[About this exercise]:
Nothing is needed except the lines below that run from the one with "Depois de conferir" through the one with "하남시는 하천구역 등", repeated exactly.

[Exercise inputs]:

---*---

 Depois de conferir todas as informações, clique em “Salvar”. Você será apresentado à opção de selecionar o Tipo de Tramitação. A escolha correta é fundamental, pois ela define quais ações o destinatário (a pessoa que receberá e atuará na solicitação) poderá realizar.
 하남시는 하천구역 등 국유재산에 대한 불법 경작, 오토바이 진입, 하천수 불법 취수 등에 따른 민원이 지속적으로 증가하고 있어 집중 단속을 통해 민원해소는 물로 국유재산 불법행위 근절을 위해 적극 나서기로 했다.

---*---

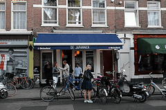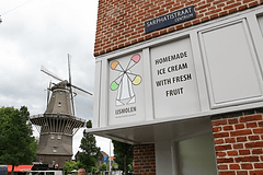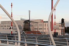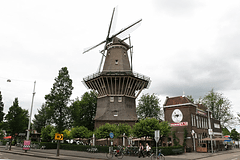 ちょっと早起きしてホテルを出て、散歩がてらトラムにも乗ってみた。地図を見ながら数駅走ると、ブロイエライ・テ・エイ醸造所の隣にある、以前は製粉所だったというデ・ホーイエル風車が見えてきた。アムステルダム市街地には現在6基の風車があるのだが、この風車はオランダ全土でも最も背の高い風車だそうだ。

---*---

[Task answer]:
 Depois de conferir todas as informações, clique em “Salvar”. Você será apresentado à opção de selecionar o Tipo de Tramitação. A escolha correta é fundamental, pois ela define quais ações o destinatário (a pessoa que receberá e atuará na solicitação) poderá realizar.
 하남시는 하천구역 등 국유재산에 대한 불법 경작, 오토바이 진입, 하천수 불법 취수 등에 따른 민원이 지속적으로 증가하고 있어 집중 단속을 통해 민원해소는 물로 국유재산 불법행위 근절을 위해 적극 나서기로 했다.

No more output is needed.